[Opening Dataset extract section]

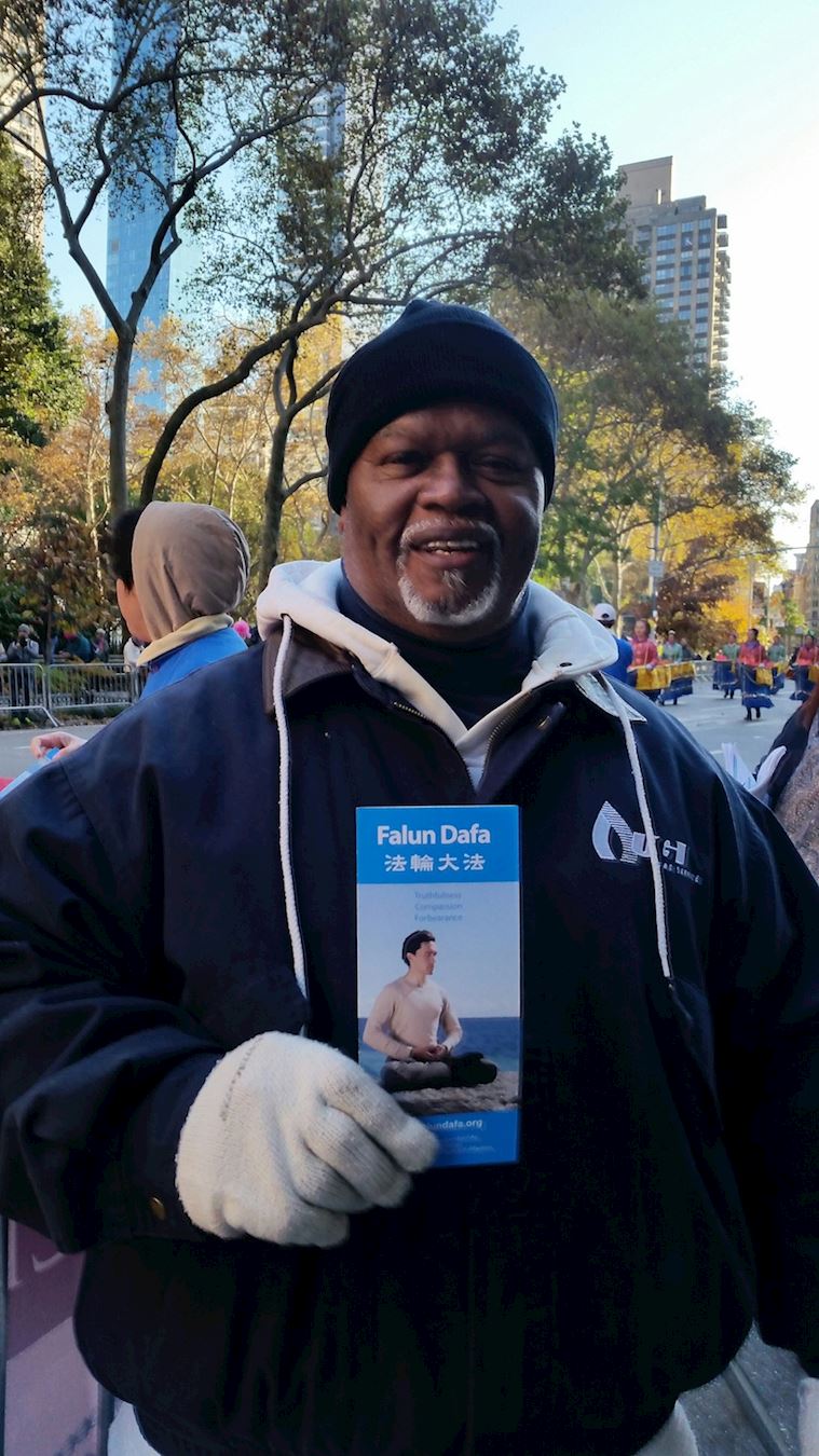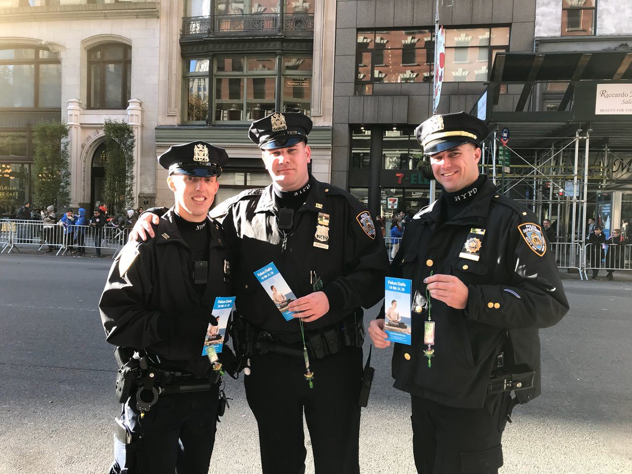 当法轮功学员把法轮功传单和小莲花送给路边执勤的三个警察时,他们愉快地接受并合影留念。高个子警察说:“这两年你们法轮大法日在曼哈顿的游行,我都执勤,希望下一次我还能站在这里。”“我知道在中国(中共)迫害你们,关押你们,来这里(美国)你们不要怕,由我们保护你。”他说。
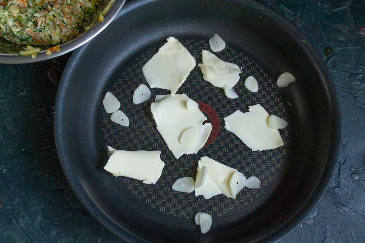 Зубчики чеснока нарезаем тонкими пластинками. В сковородку кладём кусочки сливочного масла и нарезанный чеснок. Пластинки чеснока при запекании зажарятся до состояния чипсов, если вам не нравится такой способ, то чеснок можно добавить в начинку.
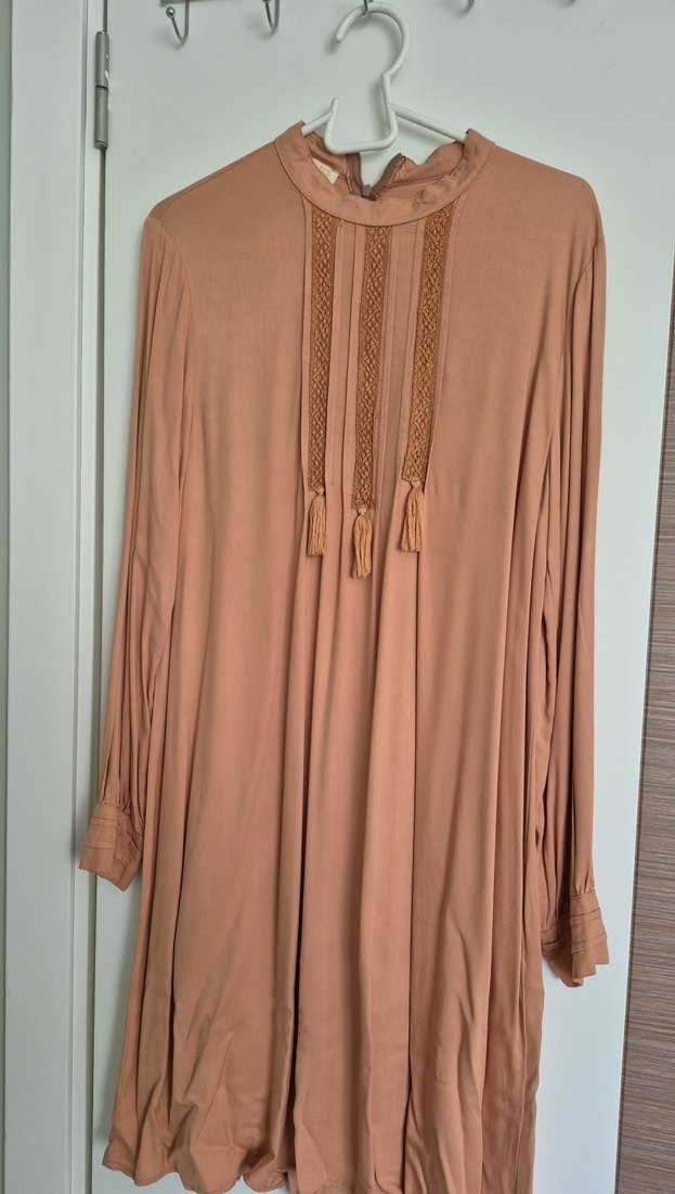 Bej renkli, uzun kollu, yüksek yakalı ve püsküllü nakış detaylı bol kesim tunik. İpeksi kumaştan, bohem tarzına uygun.

[Closing Dataset extract section]

Would you return all of the data above word for word, omitting every picture?

Task answer:
 当法轮功学员把法轮功传单和小莲花送给路边执勤的三个警察时,他们愉快地接受并合影留念。高个子警察说:“这两年你们法轮大法日在曼哈顿的游行,我都执勤,希望下一次我还能站在这里。”“我知道在中国(中共)迫害你们,关押你们,来这里(美国)你们不要怕,由我们保护你。”他说。
 Зубчики чеснока нарезаем тонкими пластинками. В сковородку кладём кусочки сливочного масла и нарезанный чеснок. Пластинки чеснока при запекании зажарятся до состояния чипсов, если вам не нравится такой способ, то чеснок можно добавить в начинку.
 Bej renkli, uzun kollu, yüksek yakalı ve püsküllü nakış detaylı bol kesim tunik. İpeksi kumaştan, bohem tarzına uygun.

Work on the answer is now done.